I am trying to track down the cause of the following error message. If anyone has come across the error message and has a solution for it, please let me know. Server is now up and running, but I would like to know what caused this. Thanks!!!

Error messages is as follows: "This computer was not able to set up a secure session with a domain controller in the domain [DOMAIN NAME] due to the following: the remote procedure call was cancelled. This may lead to authentication problems. Make sure that this computer is connected to the network. If the problem persists, please contact your domain administrator."


----------



## XtabbedoutX (Sep 12, 2007)

Please post back the EVENT ID in its entirety so we can better help identify the problem.


----------



## vinman1005 (Jun 5, 2008)

Here is the full error message.

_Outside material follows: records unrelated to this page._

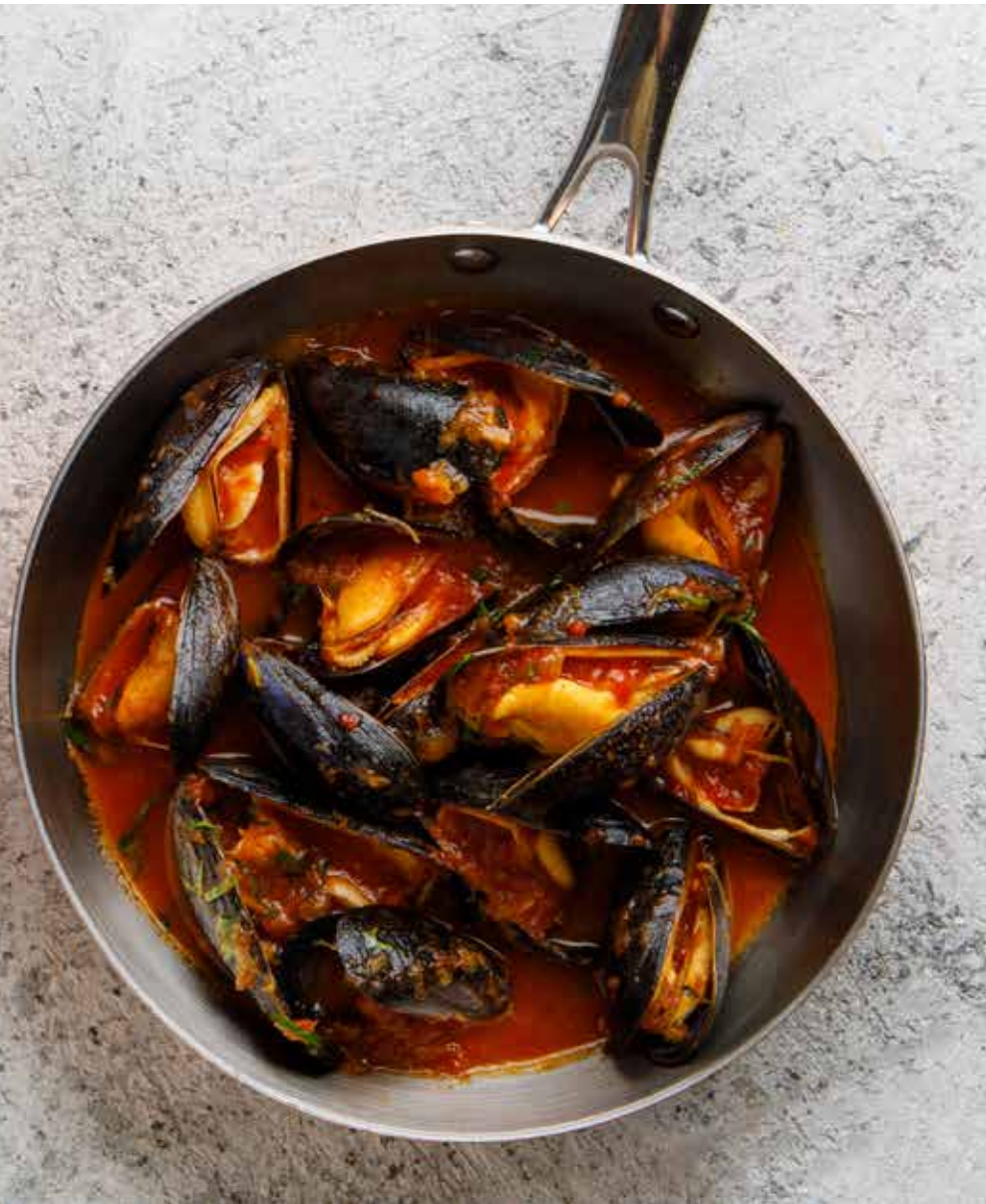
④ Соте из мидий в красном или белом соусе 410 г 920 ₽ Mussels sautéed in red or white sauce | 蛤贝沙嗲配红或白酱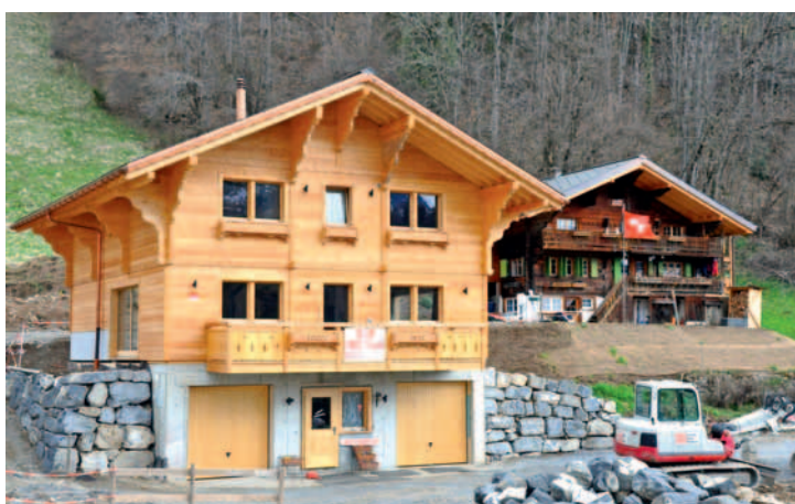
Le chalet est ouvert. Ses alentours seront bientôt terminés.

Un coquet chalet «chambre d'hôtes» s'est construit à Cergnat, en face de l'église.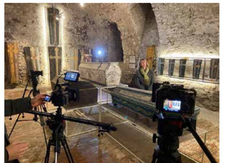
A váci múmiákról készülő dokumentumfilmben a szakemberek szólnak meg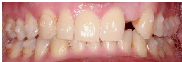
Figura 3. Exploración clínica intraoral en oclusión post tratamiento ortodóncico.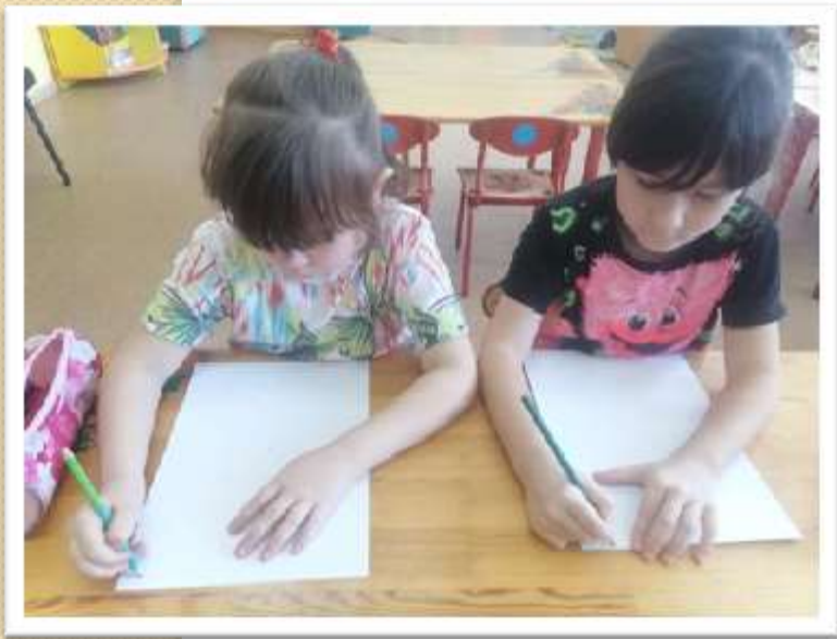
« Дописывание недостающих элементов у букв»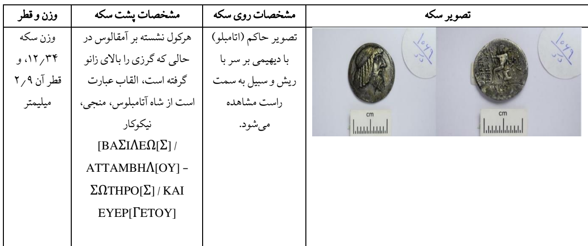
جدول ۴: سکه چهاردرهمی آتامبلوس اول، موزه ملی ایران، شماره اموال ۱۰۶۹

حکومت ارد دوم (۳۸-۵۵ ق.م) هم‌زمان بوده است. ارد دوم هنگامی به حکومت رسید که رومی‌ها، آسیای صغیر و قسمت‌هایی از بین‌النهرین را تصرف کرده بودند. بنابراین، ارد دوم تصمیم گرفته تا با رومی‌ها وارد جنگ شود. مهم‌ترین اتفاق سیاسی زمان ارد دوم، جنگ حران، بین روم و ایران است. این جنگ با کشته شدن کراسوس (سردار رومی) توسط سورنا، به پیروزی پارتی‌ها بر رومی‌ها می‌انجامد. نتایج این پیروزی برای شاه پارتی عبارت بود از بدست آوردن اراضی بین‌النهرین تا حدود فرات و تعیین مرز ثابت بین ایران و روم. همچنین، ارمنستان دست‌نشانده ایران گردید (مشکور، ۱۳۷۴: ۲۳۱-۲۲۵). با بررسی سکه‌های آتامبلوس اول، سرپوش شاه با سرپوش ارد دوم شباهت دارد (جدول ۴).

Thanks for any help you can provide!!!

Vince


Event Type: Error
Event Source: NETLOGON
Event Category: None
Event ID: 5719
Date: 6/4/2008
Time: 7:59:45 PM
User: N/A
Computer: 
Description:
This computer was not able to set up a secure session with a domain controller in domain [DOMAIN] due to the following: 
The remote procedure call was cancelled. 
This may lead to authentication problems. Make sure that this computer is connected to the network. If the problem persists, please contact your domain administrator. 

ADDITIONAL INFO 
If this computer is a domain controller for the specified domain, it sets up the secure session to the primary domain controller emulator in the specified domain. Otherwise, this computer sets up the secure session to any domain controller in the specified domain.

For more information, see Help and Support Center at http://go.microsoft.com/fwlink/events.asp.
Data:
0000: 50 00 02 c0 P..À


----------



## XtabbedoutX (Sep 12, 2007)

Read this ARTICLE and follow the resolution steps and please post back your results.


----------